Довольная улыбка промелькнула на ее лице.
– Да, нравы в вашем королевстве отличаются, отличаются…
– Дык мы простые, – согласился я, – это вы все здесь такие сложные, нервные, раздражительные, дерганые…
Она рассматривала меня с интересом.
– Даже Христина?
Я развел руками.
– Да Христина как раз простая, как молодая корова, и хорошо. Женщина ведь должна уметь что? Первое – лежать, второе – молча. Христина все это умеет, а что еще от нее надо? Это вот вы не женщина…
Она вскинула брови, глаза стали удивленными.
– Да?.. Нет-нет, останься. Мне нужно кое-что решить, а ты годишься как раз для этого… постучать в дурака.

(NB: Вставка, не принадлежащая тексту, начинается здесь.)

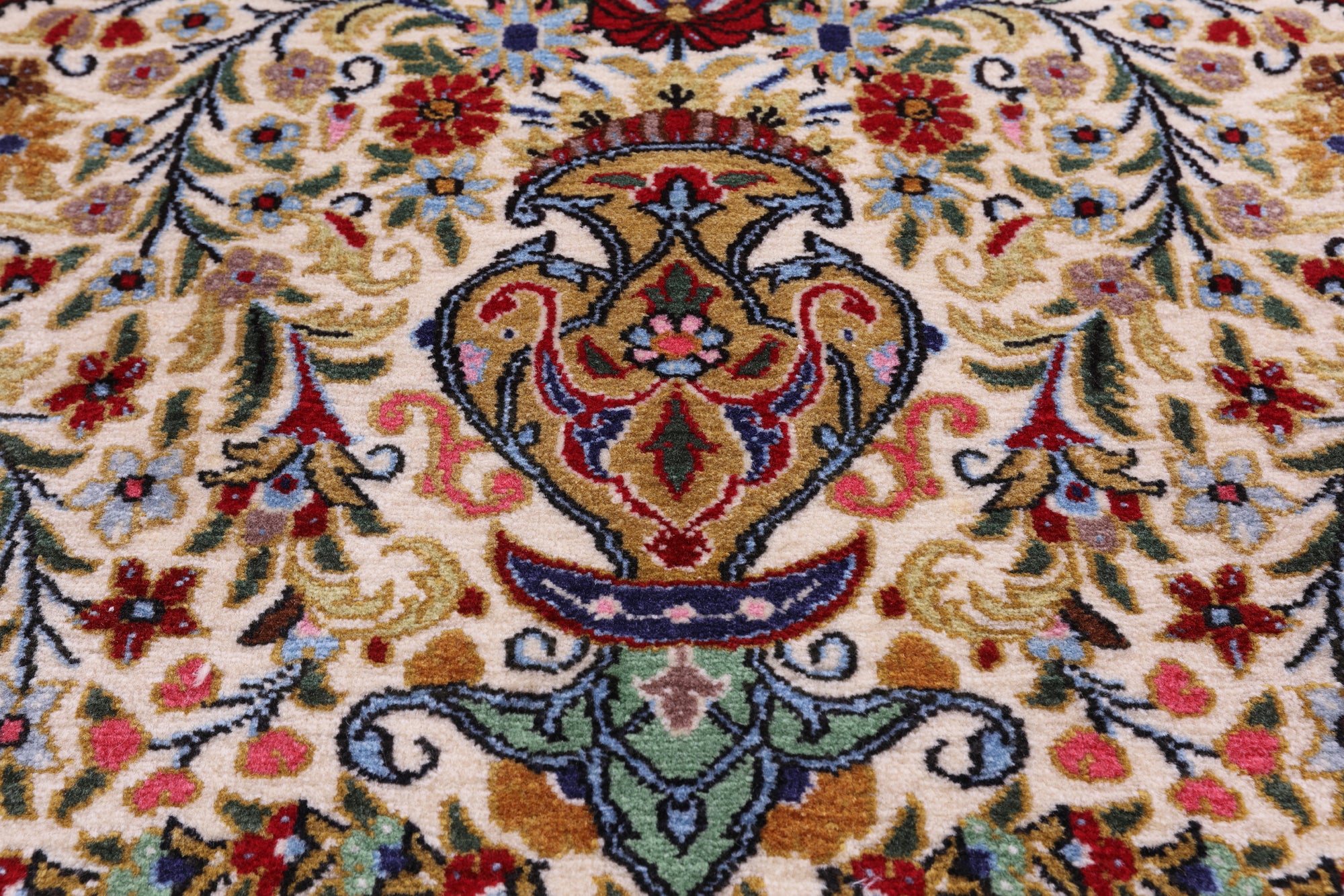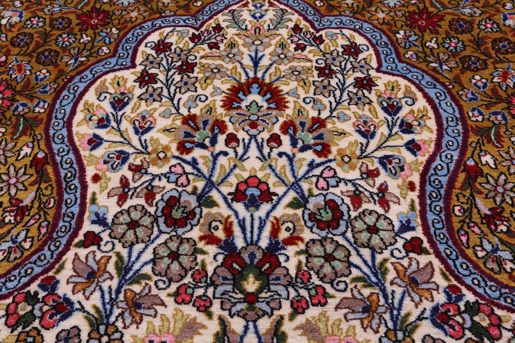 Qum Rugs known for their delicate patterns and refined craftsmanship, Qum rugs feature elegant designs woven from fine wool or silk. Their rich colors and detailed motifs bring timeless beauty and sophistication to any room.

Я поклонился с самым смиренным видом.
– Вы не ошиблись, ваша милость. Я именно тот дурак, которому можете рассказывать все. Я все равно ничего не пойму, но от меня может рикошетом отскочить очень умная мысль. Если не поранитесь, хватайте на лету!
Глава 5
Жизненные наблюдения показывают, что иногда женщина злится на одного мужчину, а мстит всем остальным. Я не знаю, чем мужчины обидели леди Элинор, или кто-то один ее обидел, но у меня стойкое ощущение, что она мстит им всем разом. Это, конечно, не касается черни, там нет ни мужчин, ни женщин, простой люд и есть простой люд, а вот лорд Кассель, лорд Лангедок, лорды других земель в герцогстве – все, по ее интонации, выглядят соперниками, их непременно нужно согнуть, наклонить, подчинить, заставить выполнять свою волю.

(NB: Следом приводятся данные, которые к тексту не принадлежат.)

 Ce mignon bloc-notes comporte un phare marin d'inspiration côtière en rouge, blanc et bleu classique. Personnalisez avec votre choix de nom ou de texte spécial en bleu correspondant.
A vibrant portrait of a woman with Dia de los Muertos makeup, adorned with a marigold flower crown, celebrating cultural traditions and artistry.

Имя герцога Готфрида ни разу не упоминалось, но я чувствовал по каким-то неясным намекам, что он как раз и стоит во главе угла. И даже не потому, что его крепость закрывает выход из «зеленого клина». Чем-то насолил когда-то очень сильно, насолил, а женщины – животные злобные. Это в стихах да в песнях им приписываем милосердие и кротость, на самом же деле куда безопаснее обидеть сто голодных крокодилов, чем одну женщину…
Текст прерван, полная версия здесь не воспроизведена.